How to use Vitis Accelerated Functions

Introduction

AMD offers a wide variety of libraries named as Vitis™ Accelerated Libraries which offers out-of-the-box acceleration for many applications. These libraries are pre optimized and open-source which are offered with Vitis™ Unified Software Platform. The functions in the libraries include:

  • Common Vitis accelerated-libraries for Math, Statistics, Linear Algebra, and DSP offer a set of core functionality for a wide range of diverse applications.

  • Domain-specific Vitis accelerated libraries offer out-of-the-box acceleration for workloads like Vision and Image Processing, Quantitative Finance, Database, and Data Analytics, Data Compression and more.


These examples here will showcase how you can utilize a wide variety of pre-optimized / accelerated functions from Vitis™ Accelerated Libraries on FPGA with ROS2 using KRS.

Using Vitis Vision Library Functions

The Vitis Vision library is a set of 90+ kernels, optimized for AMD™ FPGAs, AI Engine™, and SoCs, based on the OpenCV computer vision library. See here for more details. In KRS examples we will showcase how to integrate few of the functions and based on same workflow you can try to use any of the functions from the library based on your needs.

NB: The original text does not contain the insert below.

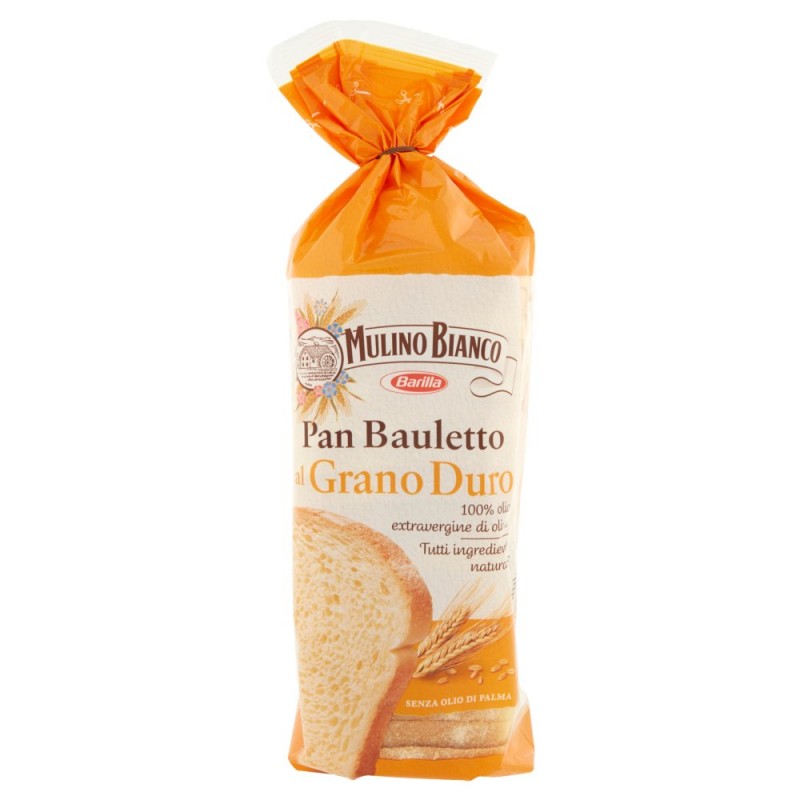 Tutto il buono che senti / Semola di grano duro + Olio extra vergine di oliva / La semola di grano duro e' l'ingrediente caratteristico di questo pane preparato solo con ingredienti naturali. / Dalla sua unione con l'olio extravergine di oliva nasce un pane morbido dal colore e dal sapore inconfondibili. / www.mulinobianco.it / Ingredienti: Semola rimacinata di grano duro 67,1%, Acqua, Olio extravergine di oliva 2,8%, Lievito, Sale, Zucchero, Glutine di frumento, Farina di orzo maltato, Farina di grano tenero tipo '0', Trattato con alcool etilico in superficie, Puo' contenere tracce di: frutta a guscio, latte, sesamo, soia e uova
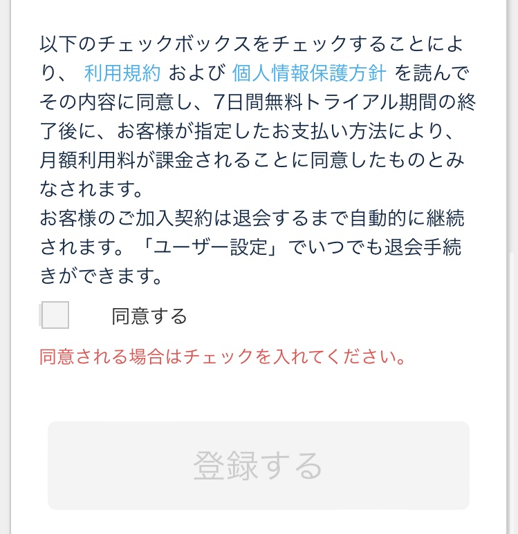 利用規約に「同意する」をチェックし、7日間無料トライアルをクリック

Understand the Vitis Vision Library structure

The implementation of Vitis Vision functions is organized in three levels:

  • Level 1: Here the APIs are presented as HLS C++ classes and functions. These APIs mostly match their OpenCV counterparts. Level 1 functions and API are included by default in “vitis_common” package here.

  • Level 2: This contains the OpenCL/XRT host-callable kernels and engines for various Vitis Vision functions. These functions are important, to understand how to call accelerated functions from host code. We will dive deeper in this later.

  • Level 3: This directory contains whole applications formed by stitching a pipeline of Vitis Vision functions. The host code shows how to call this multiple functions in OpenCL/XRT.

First, visit the Vitis Vision Documentation page and check if the function you want to accelerate is available in the list and meets your performance requirements as all the details are given in the documentation. If available, follow the steps similar to how we followed for below functions:

Resize

Resize method is used to resize the source image to the size of the destination image. Different types of interpolation techniques can be used in resize function, namely: Nearest-neighbor, Bilinear, and Area interpolation. The type of interpolation can be passed as a template parameter to the API. The following enumeration types can be used to specify the interpolation type:

  • XF_INTERPOLATION_NN - For Nearest-neighbor interpolation

  • XF_INTERPOLATION_BILINEAR - For Bilinear interpolation

  • XF_INTERPOLATION_AREA - For Area interpolation

Here we have used one of the simplest example because the intent is to make you understand the flow of how you can utilize the accelerated functions with ROS2 using KRS and not getting into the complexities of Vitis Vision functions algorithms.

Understand the source code of Vitis Vision “Resize” function

As mentioned earlier, Level 2 is important for us to understand on how to make use of HLS kernels in host code. So, let’s have a look at the L2 code of resize function here.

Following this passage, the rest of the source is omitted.